##### Data to use
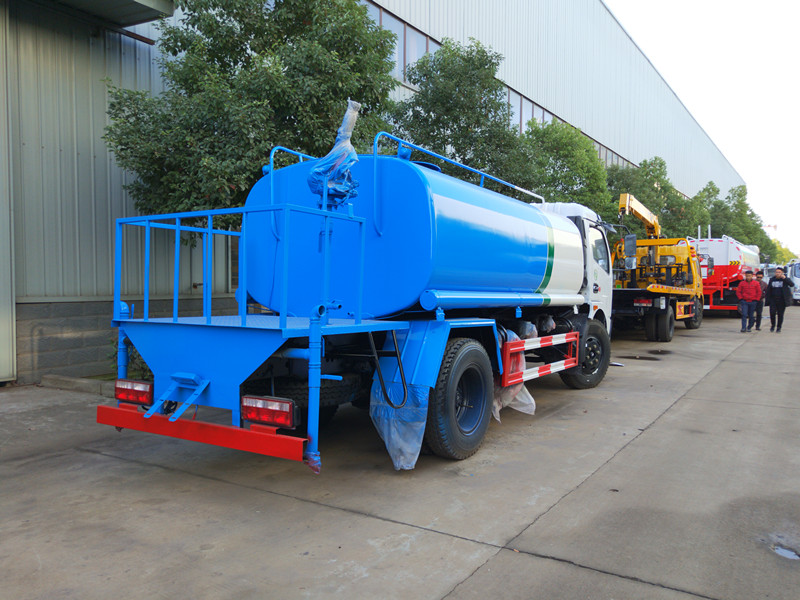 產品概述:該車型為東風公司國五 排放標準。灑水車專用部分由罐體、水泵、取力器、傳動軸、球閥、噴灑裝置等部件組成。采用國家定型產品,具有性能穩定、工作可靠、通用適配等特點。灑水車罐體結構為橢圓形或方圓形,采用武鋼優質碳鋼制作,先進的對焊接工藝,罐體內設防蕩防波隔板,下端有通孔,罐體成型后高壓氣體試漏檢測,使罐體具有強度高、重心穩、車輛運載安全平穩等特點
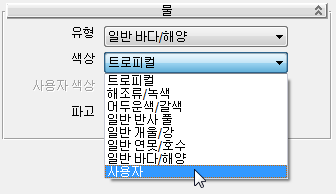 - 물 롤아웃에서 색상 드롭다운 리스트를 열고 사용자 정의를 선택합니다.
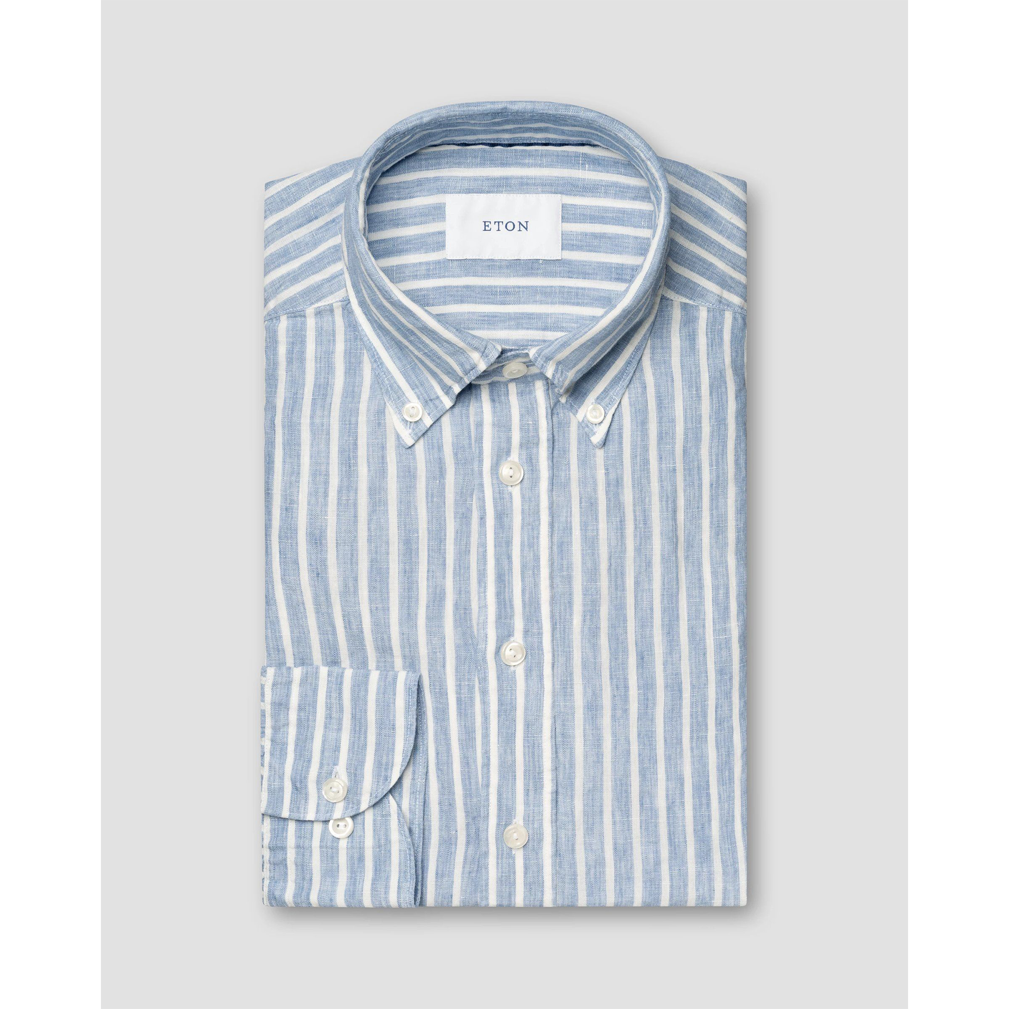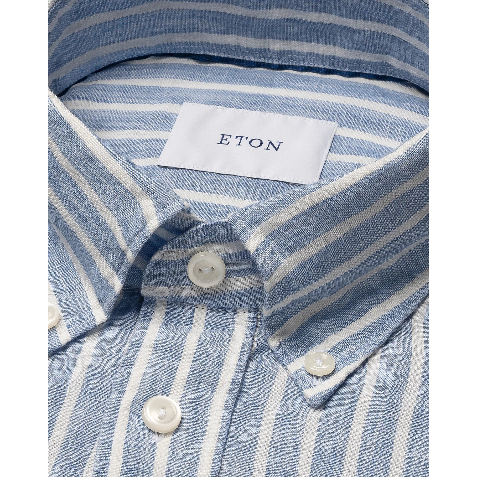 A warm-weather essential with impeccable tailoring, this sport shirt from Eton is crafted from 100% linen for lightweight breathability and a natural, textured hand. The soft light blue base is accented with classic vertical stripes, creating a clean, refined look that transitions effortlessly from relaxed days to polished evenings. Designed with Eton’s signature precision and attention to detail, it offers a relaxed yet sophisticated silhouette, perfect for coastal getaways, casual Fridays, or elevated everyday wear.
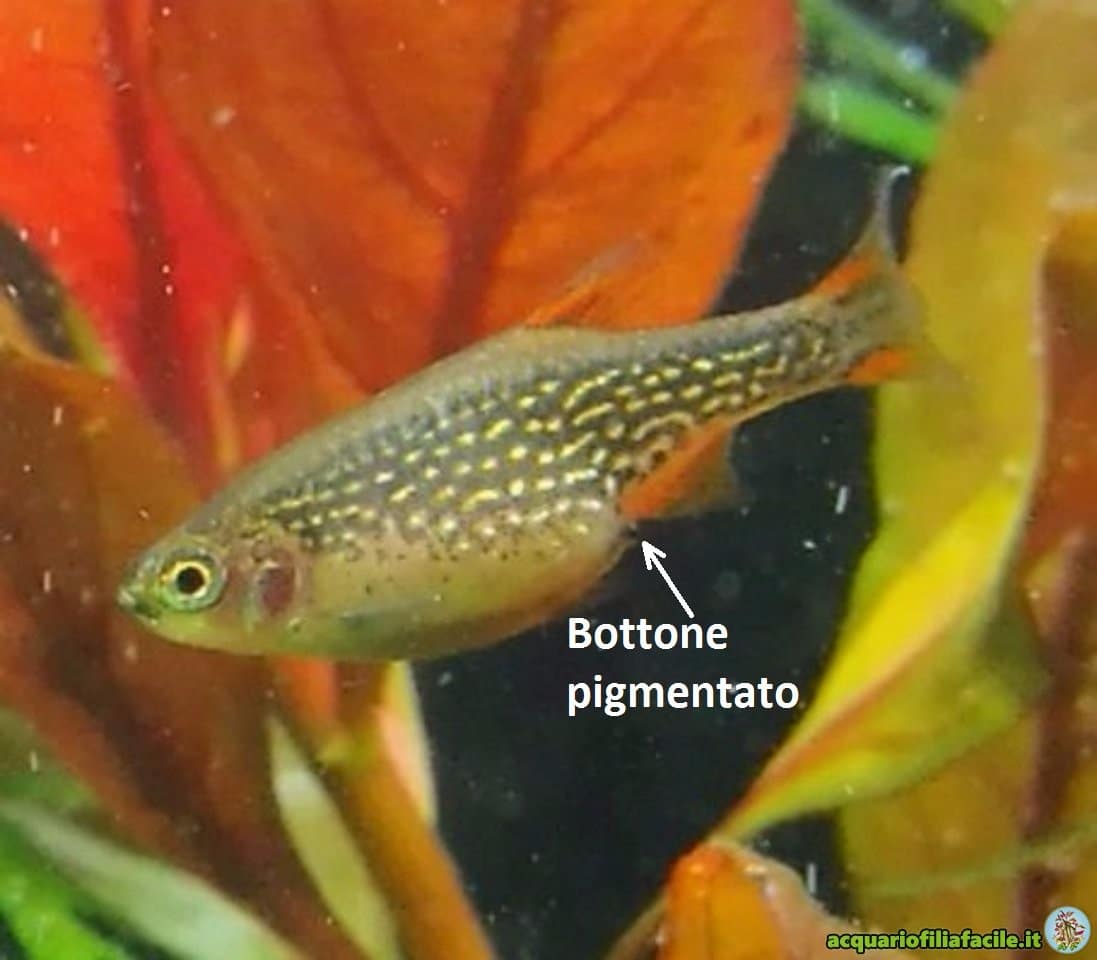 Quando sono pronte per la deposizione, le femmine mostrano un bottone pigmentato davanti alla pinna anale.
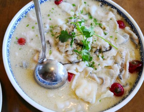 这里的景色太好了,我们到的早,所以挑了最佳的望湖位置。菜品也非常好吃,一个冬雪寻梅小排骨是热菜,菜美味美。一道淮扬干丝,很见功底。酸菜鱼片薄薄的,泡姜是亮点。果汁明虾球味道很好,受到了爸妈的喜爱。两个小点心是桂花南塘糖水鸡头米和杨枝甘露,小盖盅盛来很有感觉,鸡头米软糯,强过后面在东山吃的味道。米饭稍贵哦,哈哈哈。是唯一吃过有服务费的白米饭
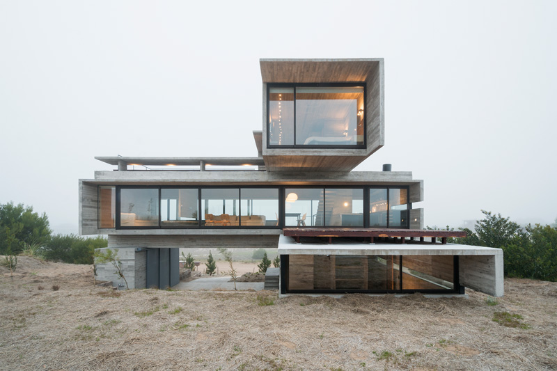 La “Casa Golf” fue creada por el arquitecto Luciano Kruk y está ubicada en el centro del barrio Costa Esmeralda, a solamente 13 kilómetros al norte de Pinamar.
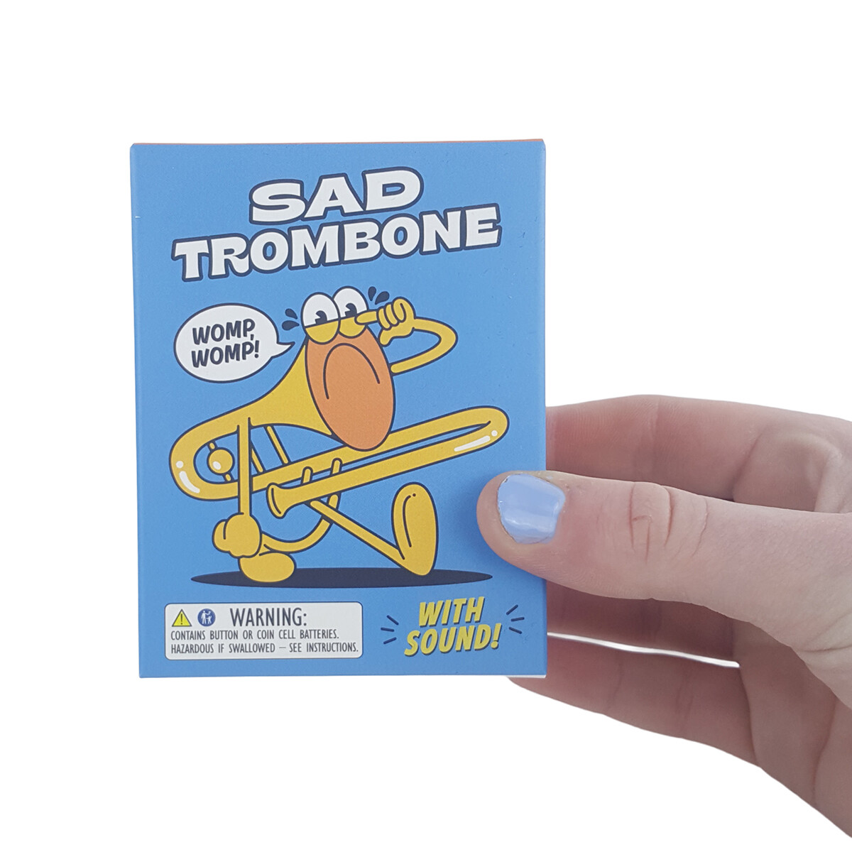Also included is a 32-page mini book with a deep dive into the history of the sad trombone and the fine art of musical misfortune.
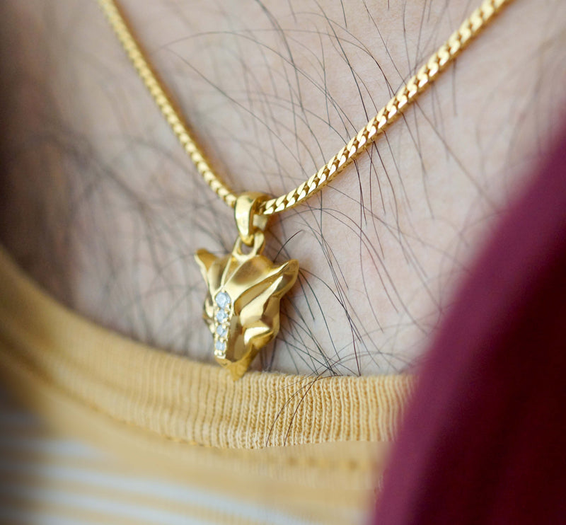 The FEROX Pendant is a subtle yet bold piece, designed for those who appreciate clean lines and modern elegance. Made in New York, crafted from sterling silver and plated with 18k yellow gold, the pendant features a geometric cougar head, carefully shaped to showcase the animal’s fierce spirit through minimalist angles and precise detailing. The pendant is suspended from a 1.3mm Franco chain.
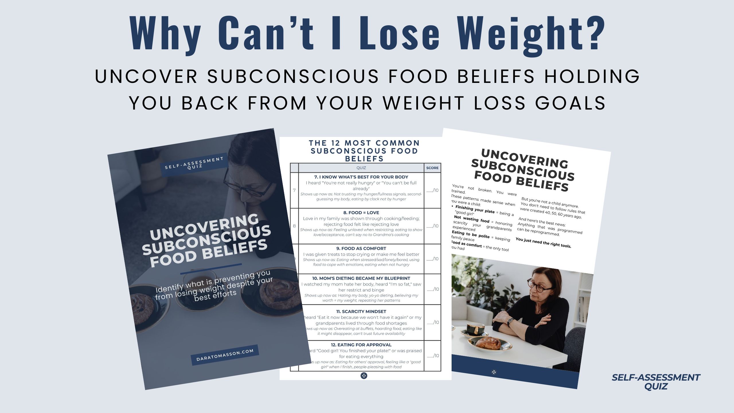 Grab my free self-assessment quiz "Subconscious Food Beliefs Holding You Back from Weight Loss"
##########
Print the data exactly, from its first line to the line containing "Also included is", both included. Omit the pictures.

Output of the exercise –
 產品概述:該車型為東風公司國五 排放標準。灑水車專用部分由罐體、水泵、取力器、傳動軸、球閥、噴灑裝置等部件組成。采用國家定型產品,具有性能穩定、工作可靠、通用適配等特點。灑水車罐體結構為橢圓形或方圓形,采用武鋼優質碳鋼制作,先進的對焊接工藝,罐體內設防蕩防波隔板,下端有通孔,罐體成型后高壓氣體試漏檢測,使罐體具有強度高、重心穩、車輛運載安全平穩等特點
 - 물 롤아웃에서 색상 드롭다운 리스트를 열고 사용자 정의를 선택합니다.
 A warm-weather essential with impeccable tailoring, this sport shirt from Eton is crafted from 100% linen for lightweight breathability and a natural, textured hand. The soft light blue base is accented with classic vertical stripes, creating a clean, refined look that transitions effortlessly from relaxed days to polished evenings. Designed with Eton’s signature precision and attention to detail, it offers a relaxed yet sophisticated silhouette, perfect for coastal getaways, casual Fridays, or elevated everyday wear.
 Quando sono pronte per la deposizione, le femmine mostrano un bottone pigmentato davanti alla pinna anale.
 这里的景色太好了,我们到的早,所以挑了最佳的望湖位置。菜品也非常好吃,一个冬雪寻梅小排骨是热菜,菜美味美。一道淮扬干丝,很见功底。酸菜鱼片薄薄的,泡姜是亮点。果汁明虾球味道很好,受到了爸妈的喜爱。两个小点心是桂花南塘糖水鸡头米和杨枝甘露,小盖盅盛来很有感觉,鸡头米软糯,强过后面在东山吃的味道。米饭稍贵哦,哈哈哈。是唯一吃过有服务费的白米饭
 La “Casa Golf” fue creada por el arquitecto Luciano Kruk y está ubicada en el centro del barrio Costa Esmeralda, a solamente 13 kilómetros al norte de Pinamar.
Also included is a 32-page mini book with a deep dive into the history of the sad trombone and the fine art of musical misfortune.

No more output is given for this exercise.